GitHub is Eating the World
About 11 months ago, Marc Andreessen, founding partner of venture capital firm Andreessen-Horowitz, wrote an essay titled “Why Software is Eating the World”. In it, he claims that industry leading corporations that fail to adapt by making technology the core of their business will be “creatively destructed” by startup companies.
Plenty of comparison has been made about the opportunity for GitHub to capitalize on the increased amount of software being written with their plans to further support development teams with plans and pricing for individuals, small businesses, and enterprises. GitHub has grown from bootstrapped to being valued at $750m without raising any outside funding, and I think the real value Andreessen-Horowitz sees lies far beyond GitHub’s current business model of monthly service plans.
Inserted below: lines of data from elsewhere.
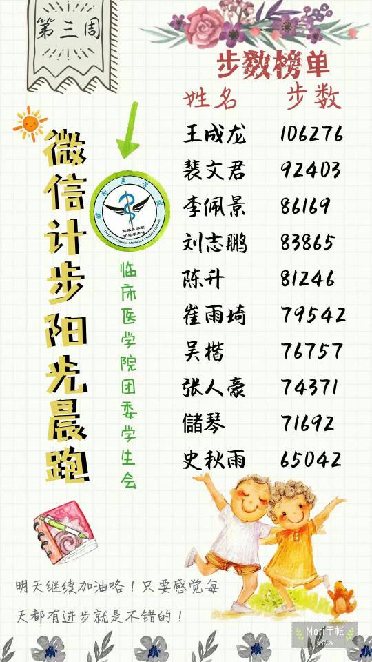 运动青春展风采,感悟核心价值观。为帮助同学们培养良好的作息习惯,强化锻炼意识,提高身体素质;并通过官方微信互动方式,在员工中进一步加强社会主义核心价值观的宣传普及,太阳成官网团委联合老员工手机运用价值及引导工作室于10月23日至11月19日举办为期四周的“2017皖医阳光晨跑活动”。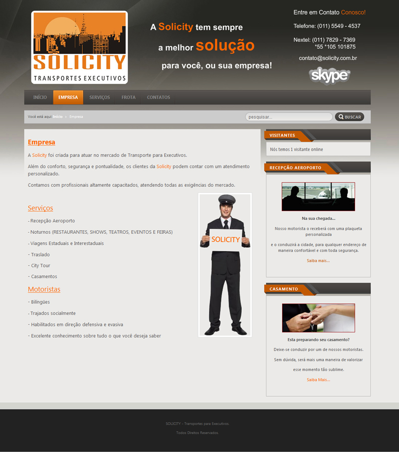 O site da Solicity precisava passar uma imagem mais moderna para seus clientes, por isso, optou por uma mudança visual completa em seu site. O principal objetivo era transmitir aos seus clientes a segurança, o conforto e a economia dos veículos além do profissionalismo de seus colaboradores.
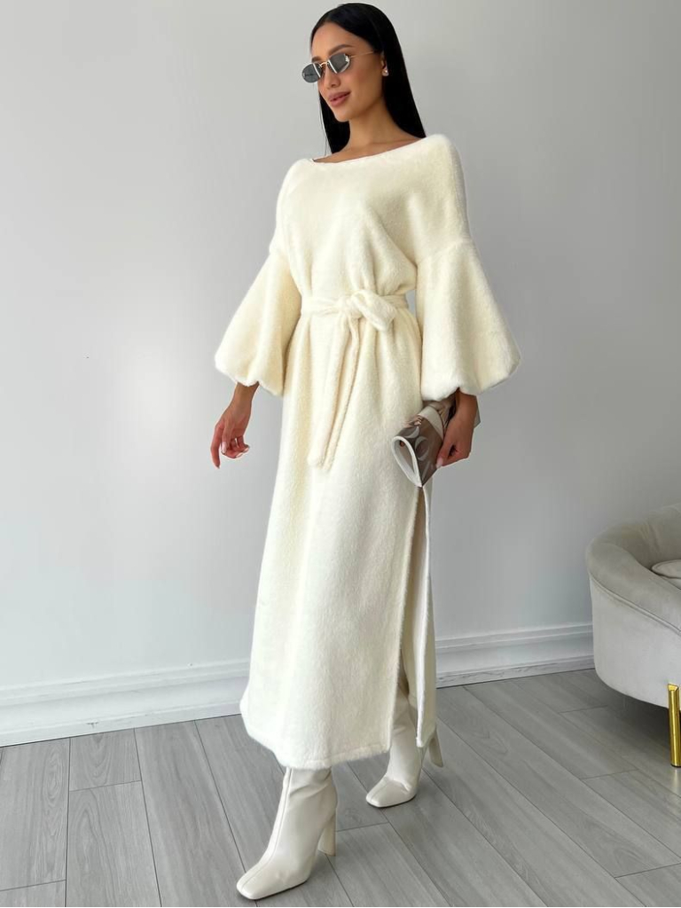 Затишна сукня з пухнастої тканини для холодної пори року. Модель доповнена елементами, що додають святковості. Довжина - подовжена міді. Пишні об'ємні рукави неповної довжини. Виріз горловини човником. На спинці трикутний виріз, що ефектно оголює частину спини, але достатньо комфортний для будь-якої білизни (не глибокий). З боків розрізи. Акцент на талії робить однотонний пояс, який можна пов'язати на власний смак. Замовити та купити теплу пухнасту сукню міді з пишними рукавами, поясом і розрізами з боків недорого можна в нас накладним платежем з передоплатою на доставку. Відправляємо в Київ, Дніпро, Житомир, Львів, Запоріжжя, Тернопіль, Одесу, Івано-Франківськ, Суми, Кропивницький, Полтаву, Черкаси та будь-який населений пункт України.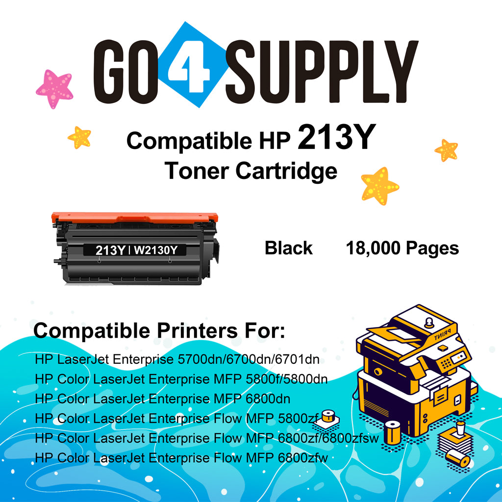 Compatible HP 213Y W2130Y Black Toner Cartridge Used for HP LaserJet Enterprise 5700dn/6700dn/6701dn, Color LaserJet EnterpriseVFP 5800f/5800dn/6800dn, Color LaserJet Enterprise Flow MFP5800zf/6800zf/6800zfsw/6800zfw Printers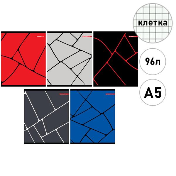 Тетрадь А5 96л клетка Академия Групп Линии, офсет, на скобе, обложка - мелованный картон, ламинация soft-touch, 5 дизайнов в спайке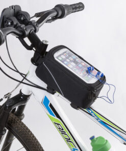 Vielseitig verwendbare Fahrradtasche aus robustem 600D Polyester mit Polsterung und PVC-Fenster mit Touch-Funktion. Mit Kopfhörerausgang und Reißverschluss sowie gefüttertem Interieur mit Smartphone-Fach. Dreifacher Klettverschluss für die Anbringung an Lenker und Stange.

It’s no secret that there is a significant engineering talent crunch for filling technical roles in companies. I’m asked fairly regularly if I know anyone available looking for programming work and my response is almost always look on GitHub for people who have written code in the languages you’re looking for – you can filter search queries by location and the programmer’s email is almost always included at the top of source-code they write.
If the talent crunch is as pronounced as recruiters and founders say it is, and technology jobs continue to transform previously untouched industries, then GitHub is sitting on an active database of the most in-demand user base in the world. Today GitHub is monetizing its viewership with a public jobs board, but in the future they could match technology job seekers with potential candidates in their user base by the type and quality code they’ve written, and that is a multi-billion dollar opportunity.